I am sorry for anyone going through pain on a regular basis. Even my husband who I love dearly doesn't fully understand.

Yesterday we had planned to go out to dinner. I hadn't even left the house in weeks except for my epidural on 9/23. I was having a bad pain day but still got dressed to go.

Then he harps on me for not getting something done for him and then made a snide comment about me not wearing clothes anymore lately (since on bad pain days I stay in my nightgown).

He had me in tears in short order. It's clear that people who aren't currently living i just don't get it.

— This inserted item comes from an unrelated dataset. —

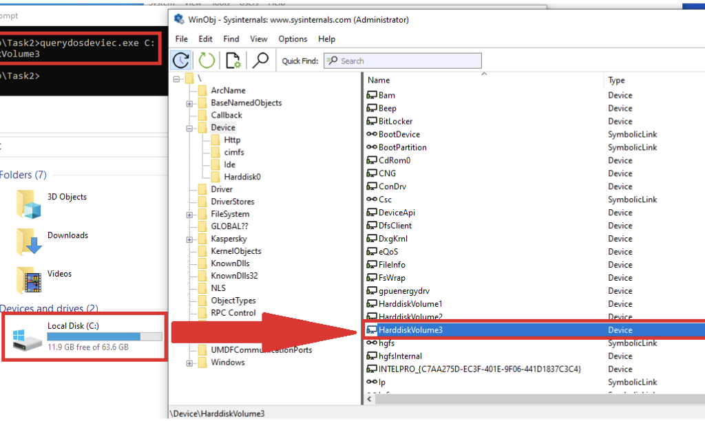 For example, the drive letter C: is typically mapped to a device object like \Device\HarddiskVolume3. This mapping is maintained by the Object Manager and allows legacy MS-DOS-style path referencing to work with the underlying NT object namespace. An illustration of such a mapping can be seen in the figure below.

Didn't mean to hijack your thread but just wanted to show you that you are not alone.

 
I think you're a sweetie pie @shaynagrl but your husband really sounds kind of a douche sometimes. If I remember right you're the only one in your house with an income. Why are you supposed to be getting things done for him on top of working and your current medical condition?

I feel bad for you guys. I remember how awful it was to love someone who was always judging and making me feel like shit.

I am so, so lucky to have found someone caring and empathetic. I wish you guys could know how much better life can be when a relationship has understanding. Sending you good thoughts and wishes that your husbands find some compassion soon.

 
Sometimes he really can be, and the pain makes it harder for me to just shut up and take it.

I really told him off last night.  He apologized, but it still hurts. I need to let it go and truly forgive him.

 
It's so hard to forgive when part of you is waiting for it to happen again. Still, people can change and the more honest you are about how the things he says hurt you perhaps he'll stop.

 
It is very hard with spouses who don't "get it". You already feel bad physically so why make you feel bad mentally too? I have been there & it hurts the relationship because you lose a little respect for them....I have insomnia really bad & get Ambien prescribed. Knowing my history my hubby keeps them put up. There are many nights I toss and turn all night with no sleep bc I'm afraid to ask for one. If I ask more than once a week he gives me a hard time. Of course he gets 8-9 solid hours of sleep every night.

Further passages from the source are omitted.